Multivariate Stochastic Volatility with Informative Missingness
Conference
Regional Statistics Conference 2026
Format: CPS Abstract - Malta 2026
Keywords: "bayesian, time_series
Session: CPS 02 Time Series
Wednesday 3 June 10 a.m. - 11 a.m. (Europe/Malta)
Abstract
Multivariate stochastic volatility (MSV) models, which treat the time-varying covariance matrix of a multivariate time series as a stochastic process, are essential for characterizing dynamic variability and co-dependencies. Existing methods for MSV modeling are largely constrained by the assumption that data are missing at random. However, modern technologies increasingly generate high-dimensional, self-reported time series data in which missingness is inherently informative, limiting the applicability of current approaches. This article develops a novel statistical framework for MSV models with data that are missing not at random.
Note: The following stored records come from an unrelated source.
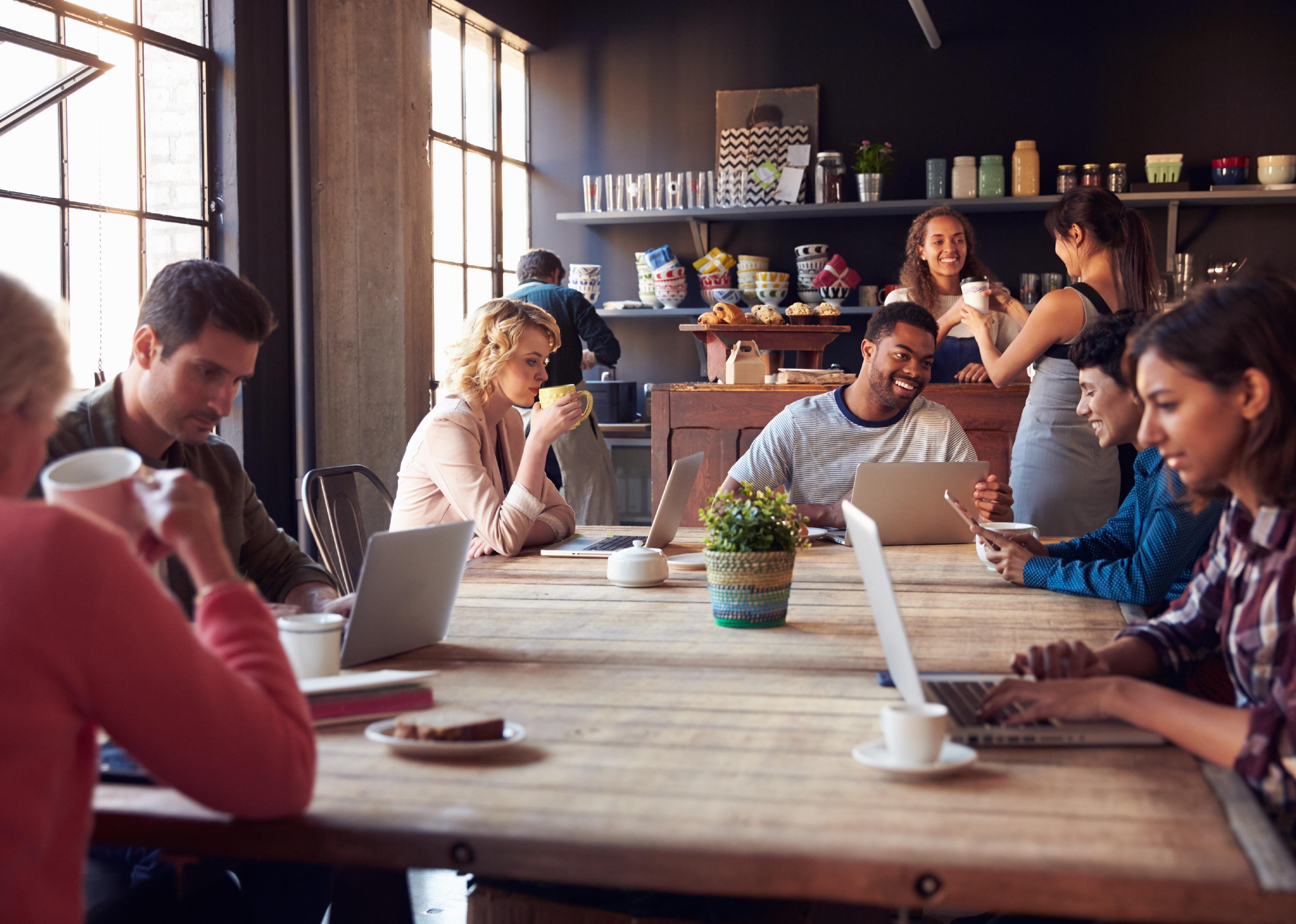 Interior of busy cafe with customers on computers.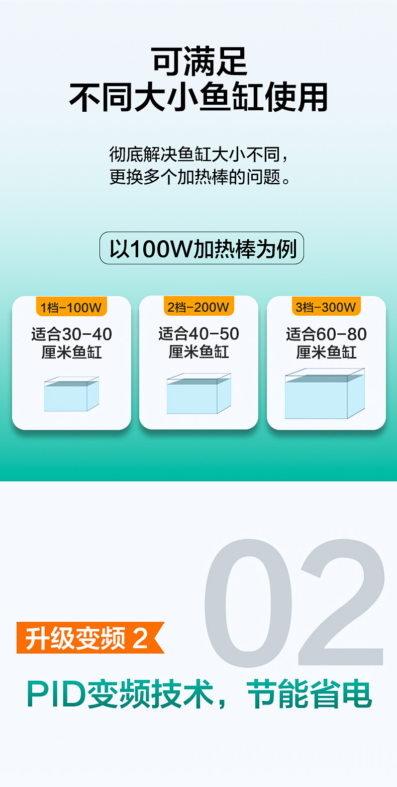 물고기 호흡 수조 가열 막대 자동 항온 가변 주파수 절전 거북이 탱크 히터 저수위 석영 가열 막대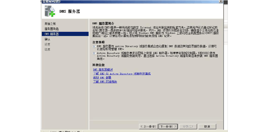 DNS 部署1. 打開服務(wù)器管理器:開始——管理工具-----服務(wù)器管理器2. 添加角色3. 下一步,選擇DNS 服務(wù)器 ,4.DNS 說明5. 確認安裝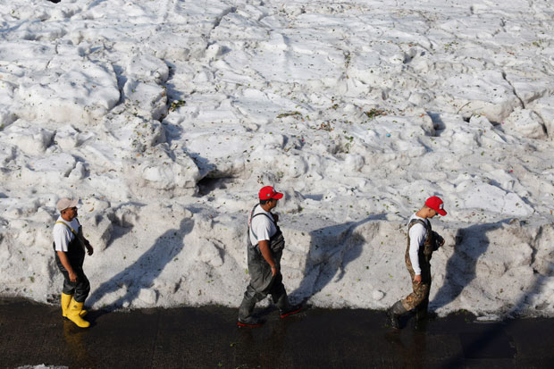 Šest predgrađa meksičkog grada Gvadalahare prekriveno je debelim slojem leda, nakon što je taj grad pogodila snažna oluja sa gradom.
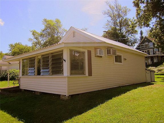 The perfect get-away or Summertime home is this cozy cottage situated right in the "front row" overlooking the spot where beautiful Cross Lake and Seneca River converge * This 3-season camp sleeps four, features a BIG eat-in Kitchen (with appliances), a full Bath, and a heated Florida Room with a fabulous waterview * Bonus updates: electrical service, hot water tank, easy-care vinyl siding and metal roof * Two electric wall furnaces & A/C window units stay * Metal roll-away dock is included in this sale * Private well water is not "drinkable" - but fine and very convenient for everything else (owners bring drinking water in themselves) * The Association Fee of $195 provides "members only" access to 2,000' of waterfront, private dock space, beaches, park-like picnic areas, and maintenance of all common areas * Boaters, campers & fishermen delight - only 15-25 minutes from Syracuse, Auburn, or Baldwinsville *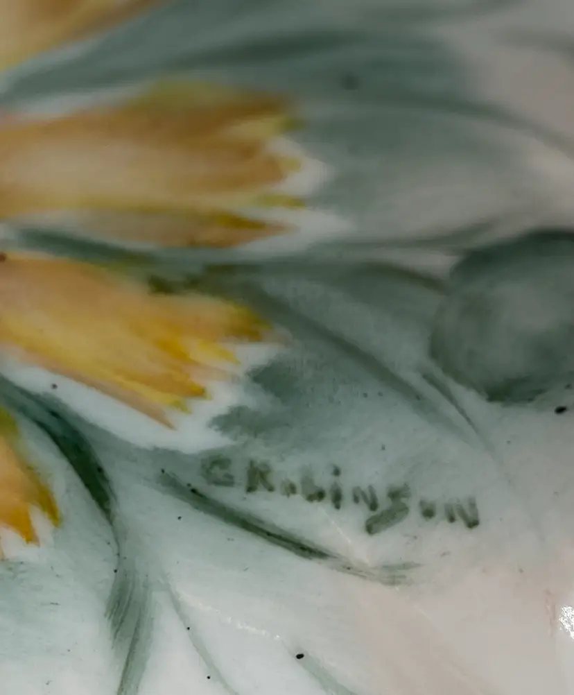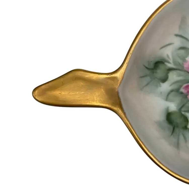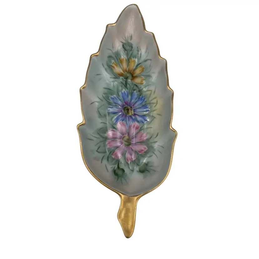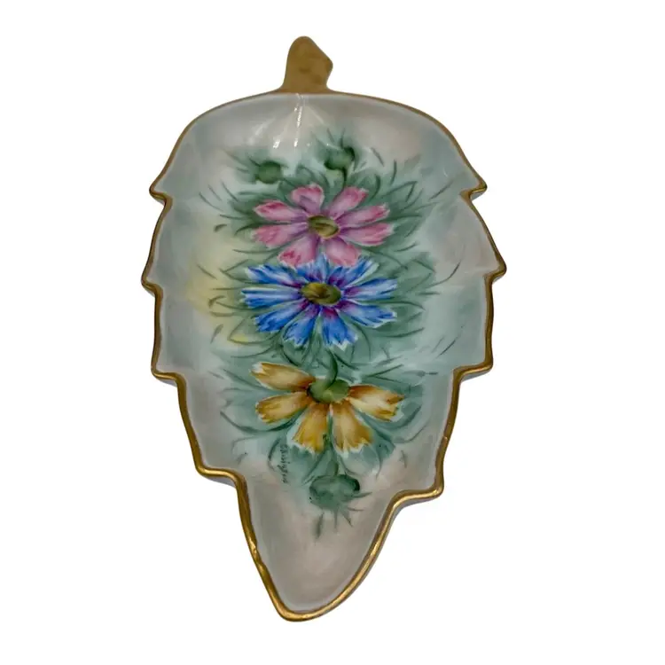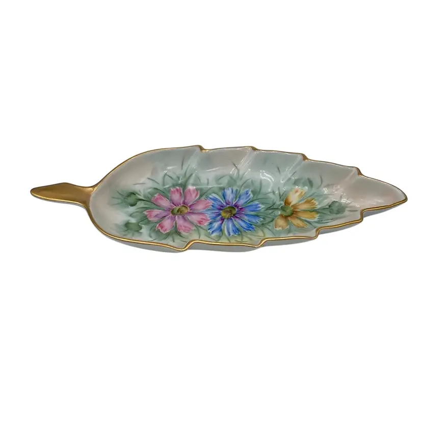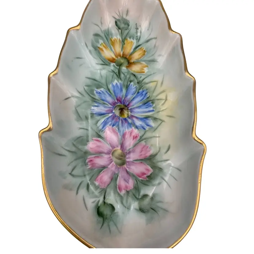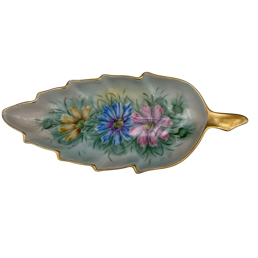 This beautiful porcelain leaf serving dish features a colorful floral pattern of hand-painted cosmos and greenery along with gold gilt accents. Measuring 9.75 inches in length and 4.1 inches at the widest point, this unique piece is perfect for serving snacks in style. Alternatively, the dish would make a lovely trinket dish for your vanity. Made in the United States in the 1950s, the dish is signed "G. Robinson", indicating the artist who created the lovely design. The number 229 in indented in the back of the porcelain.

We propose a multivariate imputation method based on a generalized Tukey’s representation that leverages the joint Markovian structure of MSV models to mitigate unidentifiability in informative missingness settings. This imputation approach is integrated into a conditional particle filter with ancestral sampling, implemented within a particle Gibbs sampling scheme to account for imputation uncertainty. The proposed method’s performance is demonstrated through simulation studies and an application to multivariate mobile phone self-reported mood data from an individual monitored following a suicide attempt.